Return a Command from a node to jump to a specific node and optionally update state in one step. Use this when the routing target is determined by data computed inside the node — not by a separate route function.

from agentflow.utils import Command, END
from agentflow.core.state import AgentState

class MyState(AgentState):
    score: float = 0.0
    attempts: int = 0

async def review_node(state: MyState) -> Command:
    if state.score < 0.5:
        # goto a node name, optionally carry a state update
        return Command(goto="RETRY", update={"attempts": state.attempts + 1})
    return Command(goto=END)

Command vs conditional edges:

	`Command`	`add_conditional_edges`
Routing logic location	Inside the node	Separate route function
Can update state while routing	Yes	No
Best for	Data-driven jumps, retry loops	Structural branching

Observability: `CallbackManager`

CallbackManager fires on every individual LLM call, tool call, MCP call, or skill call. Register callbacks per InvocationType using register_before_invoke, register_after_invoke, and register_on_error.

InvocationType values:

Value	Fires
`InvocationType.AI`	Before/after each LLM call
`InvocationType.TOOL`	Before/after each local tool function
`InvocationType.MCP`	Before/after each MCP server call
`InvocationType.INPUT_VALIDATION`	Before messages are sent to the LLM
`InvocationType.SKILL`	Before/after each skill invocation

Each callback receives a CallbackContext (invocation_type, node_name, function_name, metadata) as its first argument:

from agentflow.utils.callbacks import (
    CallbackManager,
    CallbackContext,
    InvocationType,
)

cb = CallbackManager()

# before_invoke(context, input_data) → return input_data (optionally modified)
async def log_before(context: CallbackContext, input_data):
    print(f"→ {context.invocation_type} on node '{context.node_name}'")
    return input_data

# after_invoke(context, input_data, output_data) → return output_data (optionally modified)
async def log_after(context: CallbackContext, input_data, output_data):
    print(f"← {context.invocation_type}")
    return output_data

# on_error(context, input_data, error) → return a recovery value or None to re-raise
async def handle_error(context: CallbackContext, input_data, error: Exception):
    print(f"✗ {context.invocation_type}: {error}")
    return None

cb.register_before_invoke(InvocationType.AI,   log_before)
cb.register_after_invoke(InvocationType.AI,    log_after)
cb.register_on_error(InvocationType.TOOL,      handle_error)
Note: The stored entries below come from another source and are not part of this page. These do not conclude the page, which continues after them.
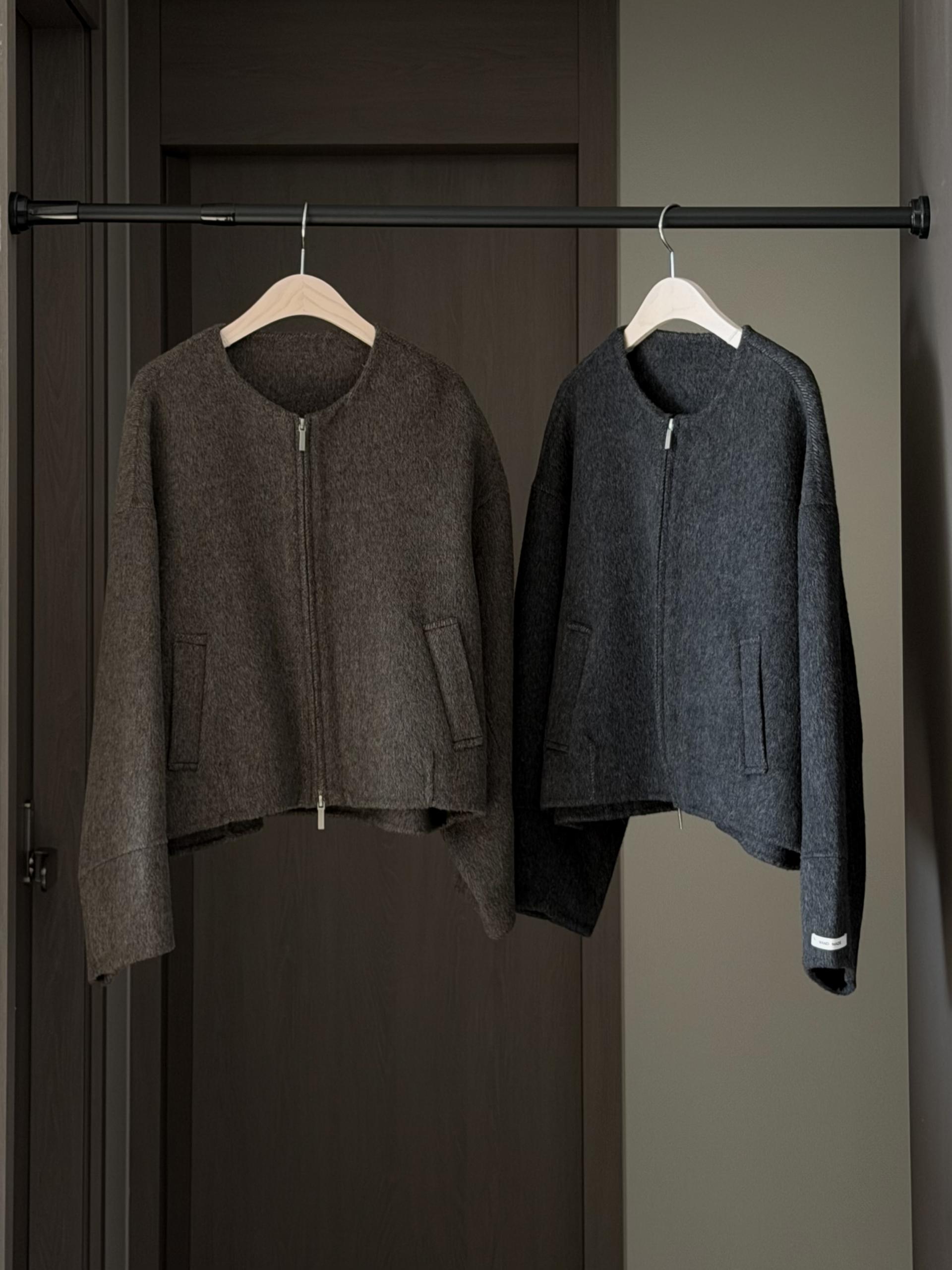심플한 라운드넥의 모노 노카라 핸드메이드 자켓입니다.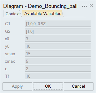 Diagram Contextタブには、ブロックパラメータの定義に使用するスクリプト内の変数を定義するためのOMLテキストエディターが含まれています。OMLライブラリ内のすべてのOML関数をスクリプトで使用できます。そのスクリプトで定義されたすべての変数はダイアグラムのスコープ規則に支配され、そのダイアグラムおよびその下位のダイアグラムとそのコンテキストで(これらの変数が別のコンテキストで再定義されていない限り)ブロックパラメータの定義に使用できます。
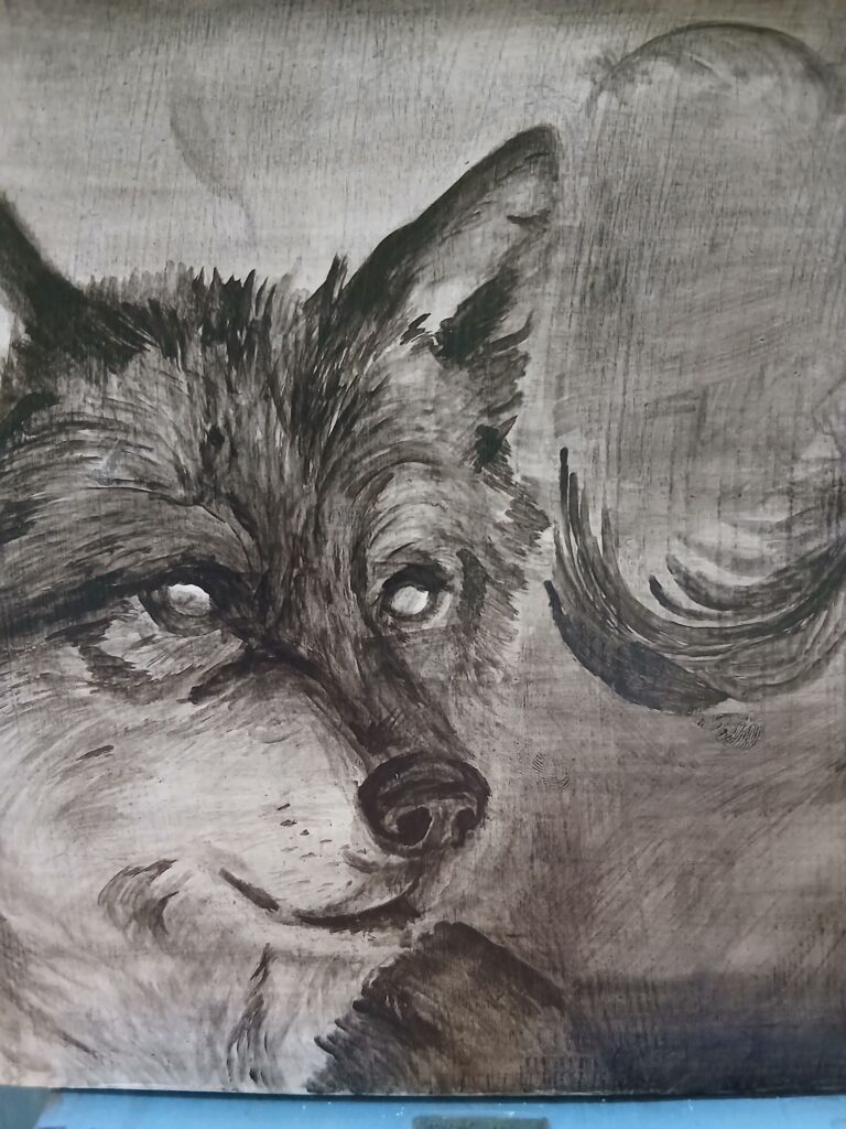 薄く目、鼻を描きこんでいきます。モデルは触れる動物園の狼です。迫力が欲しかったんですが可愛い子でした。
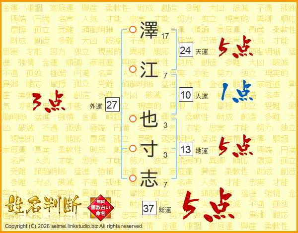 澤江也寸志さんの総運は37画の5点!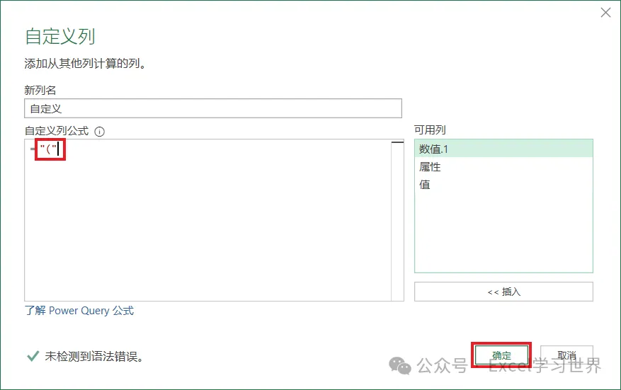 10. 输入 “(“ –> 点击“确定”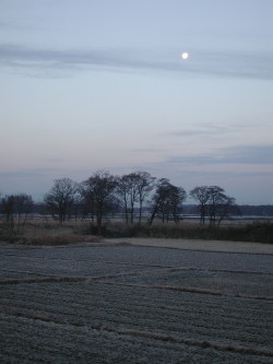 土手の上で待っていたけれど、地平線に雲が横たわっていて、残念。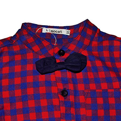 -. Feature : ❤MATERIAL: Tops-60% cotton, 40% polyester;Pants-75% cotton, 23% polyester, 2% spandex / ❤EASY CLEANING: Machine washable,not shrunk or damaged after washing / ❤ADORABLE: Dark-red check woven pullover with a bowtie pinned on clothes, it's safe enough for 1-3 age boys / ❤CONVENIENCE WEARING: Jeans pants feature elastic waistband with zipper closure and pan,and you can wear a belt if the waist too loose / ❤PERFECT FOR MANY OCCASIONS: Daily Life, School, Wedding, Family Celebrations,Easter,Birthday Party and so on.Great gift for your baby

compiled = graph.compile(callback_manager=cb)

from agentflow.utils.validators import PromptInjectionValidator

cb.register_input_validator(PromptInjectionValidator())

GraphLifecycleHook can also be registered via CallbackManager rather than passed directly to compile():

cb.register_lifecycle_hook(MyHook())

Observability: `GraphLifecycleHook`

GraphLifecycleHook fires on graph-level structural events — once per run start/end, on each node transition, checkpoint, interrupt, or error. All methods are optional; only override what you need.

Each method receives a GraphLifecycleContext as its first argument, which carries .thread_id and .run_id.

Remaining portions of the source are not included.